18 días de paro nacional ¿El diálogo de los oprimidos?

 

 

18 días de paro nacional
¿El diálogo de los oprimidos?

 


Por: Luis Fernando Ávila Linzán.

Foto por: Vilmatraca




I

La falacia del consenso racional

Una de las frases más importantes que escuché respecto de la lucha de los pueblos indígenas fue con ocasión de una conferencia de Bartolomé Clavero, español que, no obstante, ha trabajado varias décadas las posturas más progresistas en el mundo sobre la interculturalidad y el proceso de resistencia en nuestra América. Dijo en el auditorio de la Corte Constitucional en 2013: “si los indígenas han tenido el pie del conquistador en su cuello 500 años, no esperen que lo primera que haga cuando se libere es abrazar a su opresor”. Por supuesto, esto no significa que se apruebe la violencia, no porque sea moralmente mala en sí misma, sino porque suele ser poco efectiva para consolidar las conquistas sociales. La violencia en todas sus formas es sólo una cortina de humo que prolonga la dominación en manos de quienes detentan el poder de turno.

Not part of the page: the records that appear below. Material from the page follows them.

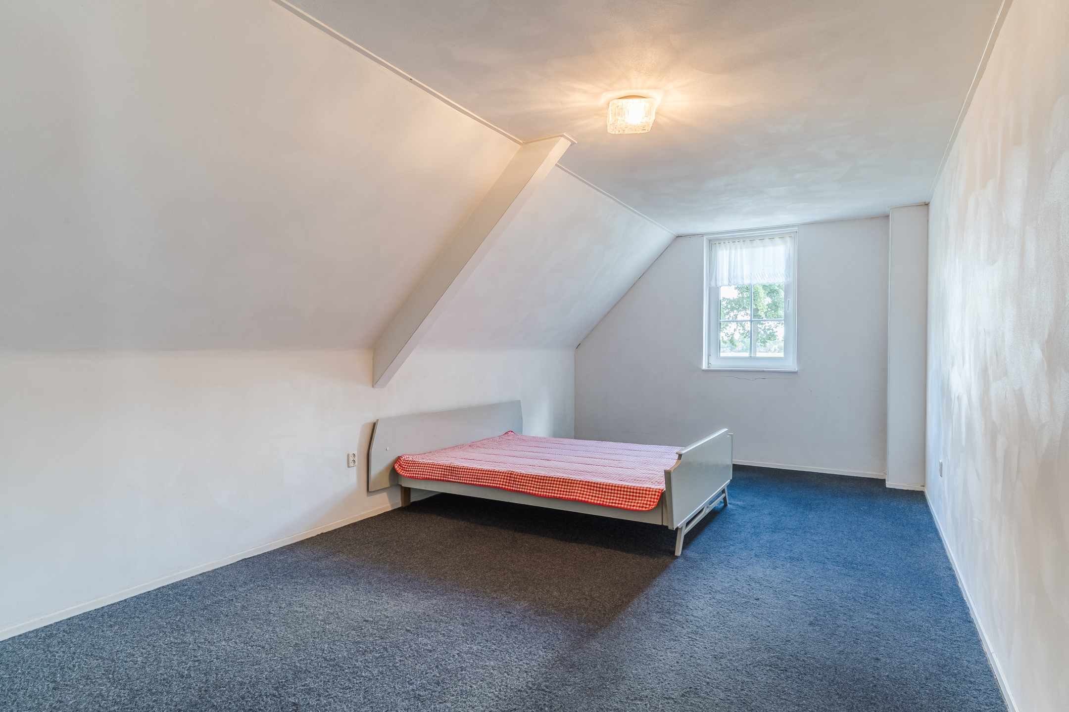 Approx. 19.5 m², carpet flooring, plastered walls and ceiling, dormer window, knee wall storage, and access to attic via retractable stairs.
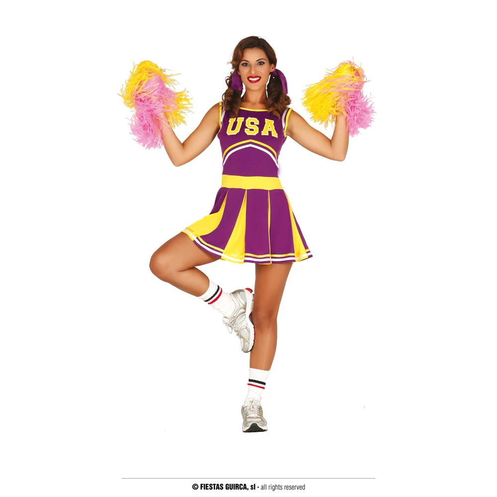 Five, Six, Seven Eight! Who do you appreciate! This costume will sure get you in the mood to represent your team. The Purple and Yellow dress provides a traditional look to the cheerleader costume.
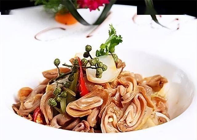 4、把泡入味的石斑鱼肚摆在上面,最后点缀红小米辣节、芹菜叶、炸香的鲜青花椒,即成。
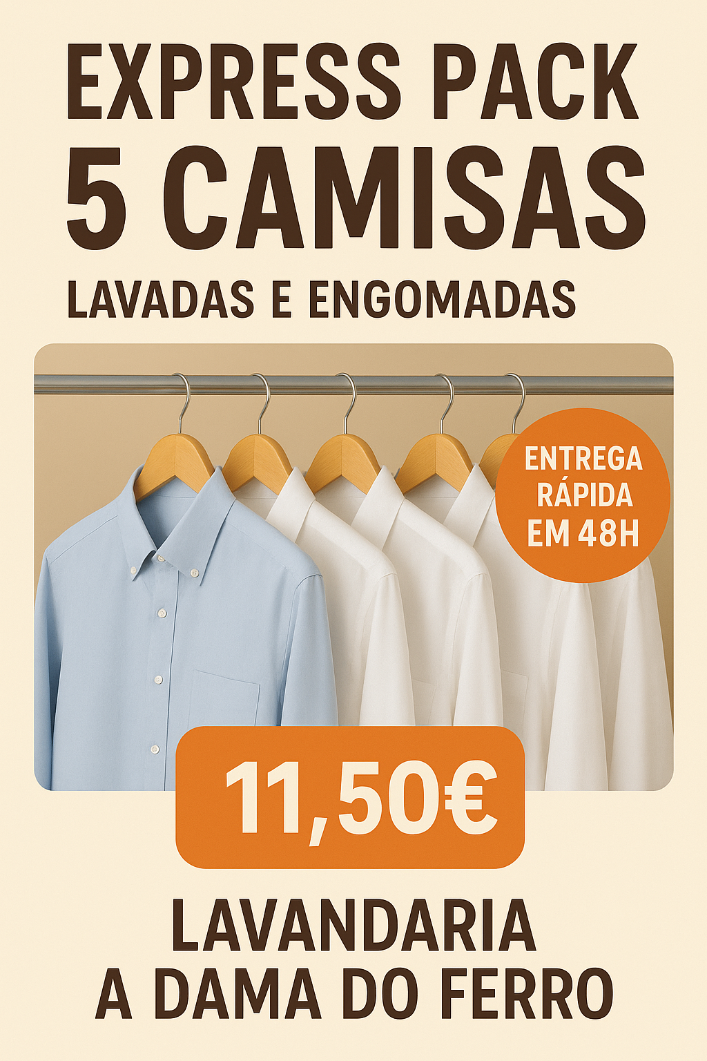 A camisa é uma peça fundamental no vestuário quotidiano e ter sempre camisas limpas e bem passadas é uma prioridade para muitos. O nosso Express Pack foi desenvolvido especialmente para atender a essa necessidade urgente, permitindo que você lave e engome 5 camisas em num prazo recorde de 48 horas.

Tampoco funciona la simple racionalización idealista de la realidad social representada en las instituciones al estilo Weber-Hegel. Los cambios sociales surgen de grandes acuerdos sociales y políticos, y como resultado del necesario antagonismo histórico entre dominación y liberación, entre gobierno y resistencia; entre acumulación capitalista y comunitarismo solidario. Así, es el reconocimiento el motor de la historia, y la lucha de clases el combustible que lo mueve toda hacia el futuro.

No obstante, es el discurso agónico y cartesiano de la modernidad, todo fue solucionado luego de las revoluciones liberales del Siglo XIX, el triunfo del capitalismo global luego de la Segunda Guerra Mundial y la caída del socialismo real en 1989. Se nos vendió el modelo incuestionable del Estado racional, la economía de mercado y el consumo sin límites. No por nada se le llamó a esto “Consenso de Washington”. ¿Pero fue realmente tal? Para nada, sólo tomaron el término prestado de Habermas. Así los países desarrollados sobre el cadáver insepulto del socialismo, deificaron el ideal del “consenso”, pero para sellar las capitulaciones de guerra sobre los vencidos, no como resultado de un nuevo contrato social como lo exige Boaventura de Sousa Santos. Por ello, este “consenso” es una palabra secuestrada para sellar el pacto del nuevo orden mundial desde 1990. Pero los vencidos no eran sólo los países del socialismo real y su polo imperialista representado en el Partido Comunista de la URSS, sino los países no alineados y los miles de pueblos que, alrededor del mundo, fueron víctimas del imperialismo moral y colonial de las potencias opuestas en la Guerra Fría.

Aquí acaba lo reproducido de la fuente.